New York. “Hard Power”. Si chiama così, senza tanti giri di parole, un formidabile libro appena uscito negli Stati Uniti a firma di Kurt Campbell e Michael O’Hanlon, due autorevoli analisti liberal di Washington. Il titolo del libro “Hard Power – The New Politcs of National Security” dice già tutto. La foto di copertina ancora di più, visto che propone 13 proiettili calibro 20 su cui è stampato dieci volte il simbolo del Partito democratico e tre volte l’elefante del Partito repubblicano. C’è un esplicito richiamo a un famoso libro del 2002 di Joseph Nye jr. che si intitolava, invece, “Soft Power”. Secondo i due autori di “Hard Power”, usare il “potere soffice” dei valori, della cultura e della democrazia americana di cui scriveva Nye è certamente utile, anzi molto utile, oltre che necessario, ma non è né sufficiente né adatto a proteggere gli Stati Uniti dalla minaccia terrorista. Serve piuttosto l’hard power, ovvero l’uso intelligente della forza e del potere militare. Il testo, edito da Basic Books, è un manuale di politiche sulla sicurezza nazionale indirizzato al centrosinistra democratico e, in minima parte, anche all’ala realista dei repubblicani. I due studiosi si rivolgono al salotto buono della politica estera americana per spiegare che, malgrado tutti gli errori commessi in Iraq e altrove, non si possono liquidare strategia democratica e politica di sicurezza di George W. Bush come una follia che non sta in piedi. Anzi suggeriscono ai democratici di riconoscere che molte delle misure prese da Bush sono giuste e, in più, anche di “emulare una parte delle idee dei neoconservatori, ma senza quelle tendenze all’unilateralismo”. Ma, aggiungono i due analisti liberal, “il multilateralismo è un mezzo che tende a un fine, non un sacrosanto principio in se stesso”. La sinistra, insomma, deve ammettere senza ambiguità che la forza militare è un elemento cruciale per il mantenimento della pace e che un forte esercito e la possibilità di usarlo sono lo strumento più efficace per il successo delle iniziative diplomatiche.
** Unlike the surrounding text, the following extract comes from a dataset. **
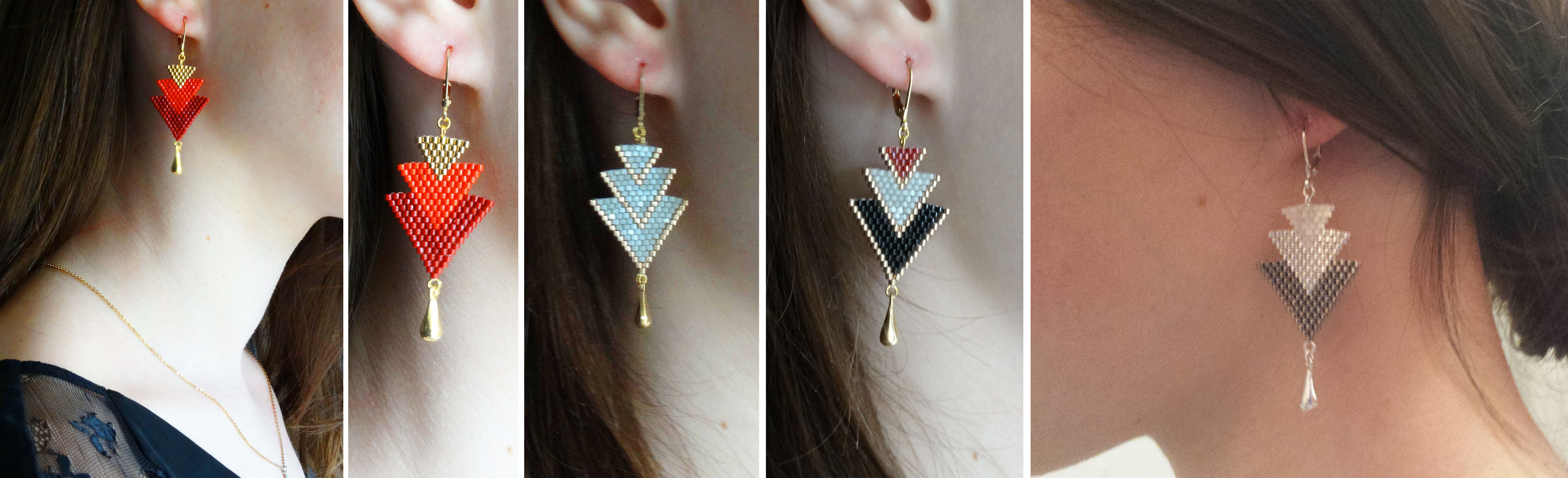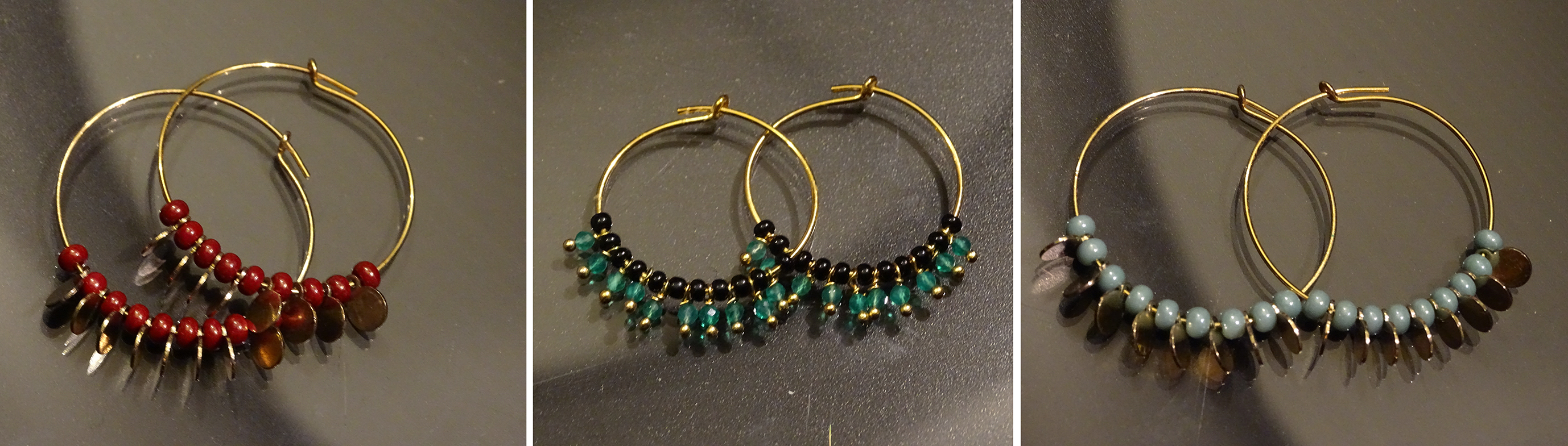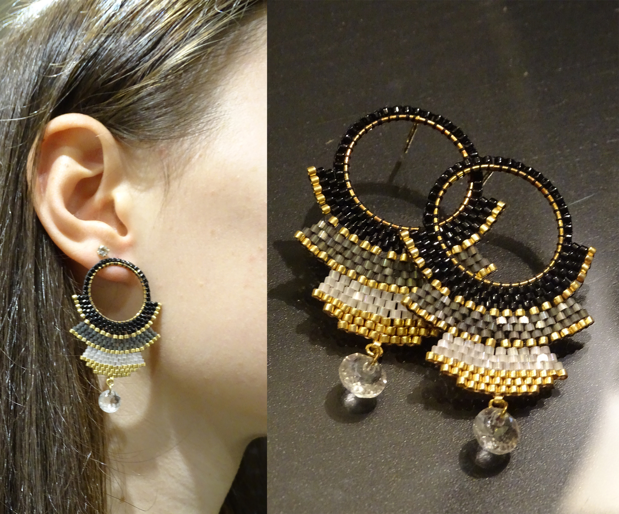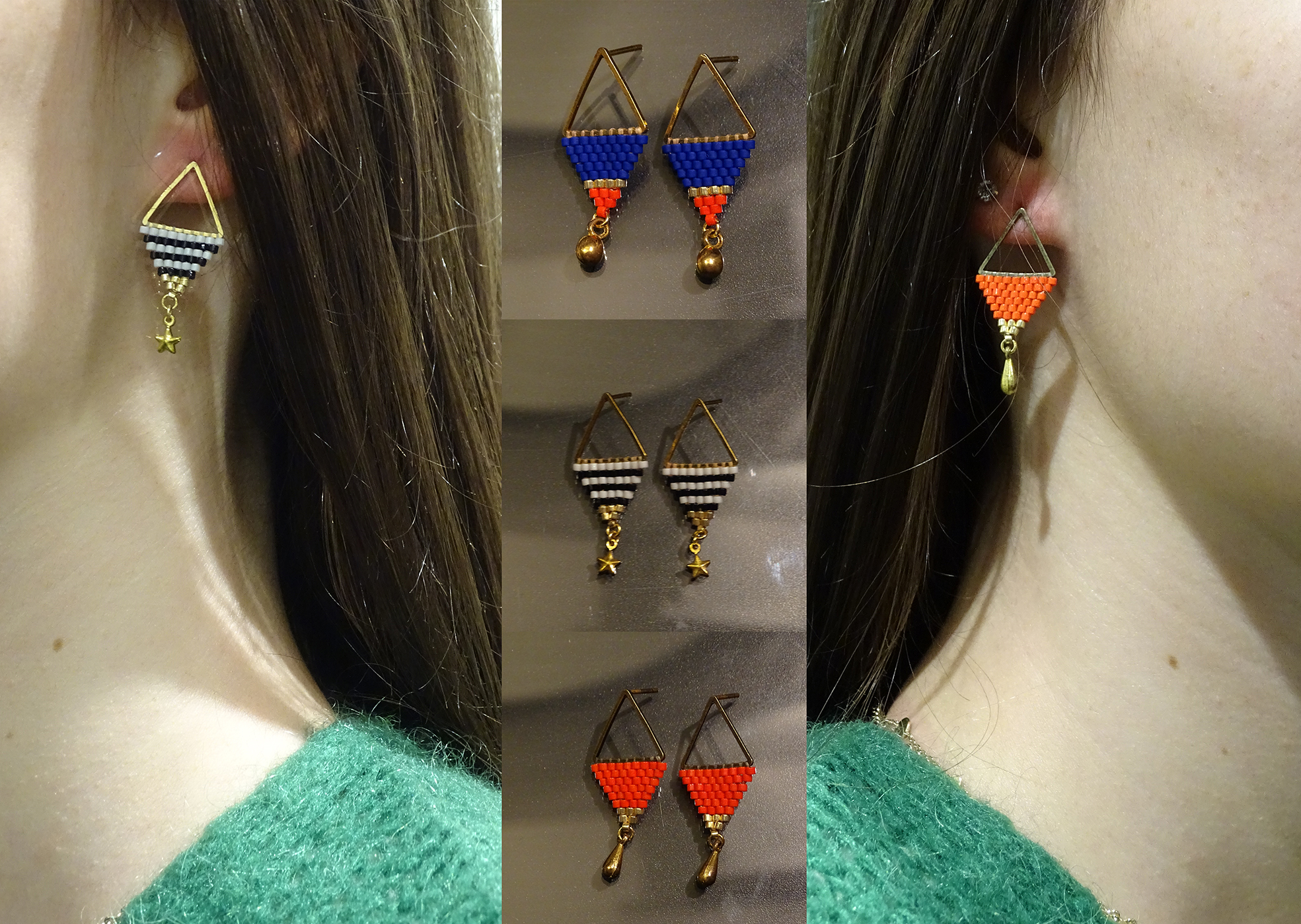 BO anneaux fixes, pampilles en tissage de perles et chaines, finitions dorées – 25€Bo en tissage de perles, finitions dorées – 30€BO 3 fleurs en tissage de perles, finitions dorées – 25€Bo en tissage de perles, finitions dorées – 30€BO franges inspirations africaines, finitions dorées – 25€Bo en tissage de perles, finitions dorées – 25€BO pampilles en tissage de perles, camaieu au choix, finitions dorées – 22€BO Triangles et pampilles, coloris au choix – 18€Paire de BO en plumes de coq ou pintade – 18€Larges créoles avec tissage de perles intérieur ou extérieur – 25€Pairede créoles avec perles et pampilles – 18€Paire de créoles tissées sur anneaux plaqué or, Couleurs au choix – 25€Paire de créoles tissées Etoile sur anneau plaqué or, couleurs au choix – 22€Paire de Grandes Créoles, support doré ou argent , tissage de perles – 25€Créoles Tissées Dentelle – 30€Grandes Créoles Tissées – 30€Créoles à pompons Or/Bronze/Noir – 30€BO en tissage de perles tendance Africaine – 25€BO en tissage de perles Moutarde/Rouille/Brun/Bronze – 25€BO Géométriques en tissage de perles – 20€Paire de boucles d’oreille en perle Motif Africa Noir/Doré/Camel/Rouge/Crème/Bleu – 30€Paire de boucles d’oreille en perles Motif bicolore Noir/Doré – 25€BO en tissage de perles motif TRIANGLE différents coloris – 20€Paire de boucles d’oreille en perles Motif Frange Dégradé Blanc/Doré/Brun – 30€Paire de boucles d’oreille Plume Camaieu Bleu – 25€Paire de boucles d’oreille en perles Motif à pois Noir/Argent ou Vert/Doré – 20€Paire de boucles d’oreille Chevrons Bordeaux/Blanc/Noir/Doré – 25€Paire de boucles d’oreille Charleston Noir/Doré – 25€BO en perles et fil de métal différents coloris – 30€

I due autori hanno un curriculum perfetto per far partire questa riflessione. Campbell ha lavorato al Pentagono ed è stato consulente della Casa Bianca di Bill Clinton, oggi è vicepresidente del centro studi Csis. O’Hanlon è un esperto di politica estera alla Brookings Institution, il serbatoio di cervelli del mondo democratico. Entrambi collaborano col New York Times, il quale si affida a O’Hanlon e al suo Iraqi Index per monitorare la situazione irachena attraverso la valutazione dei dati economici, di sicurezza e di opinione pubblica.
Se la sinistra americana vuole tornare a vincere, scrivono Campbell e O’Hanlon, deve far diventare le questioni di sicurezza nazionale di nuovo la sua priorità, come nei suoi tempi migliori (Wilson, Roosevelt, Truman, Kennedy e l’ultimo Clinton). Ma attenzione, spiegano i due autori di “Hard Power”, “non soltanto perché la maggioranza degli elettori sente viva questa preoccupazione, ma anche perché questi elettori hanno ragione”. A quei liberal che dicono che “war is not the answer”, la guerra non è la risposta, Campbell e O’Hanlon fanno notare che in realtà dipende da qual è la domanda, perché a volte, invece, la guerra è la risposta.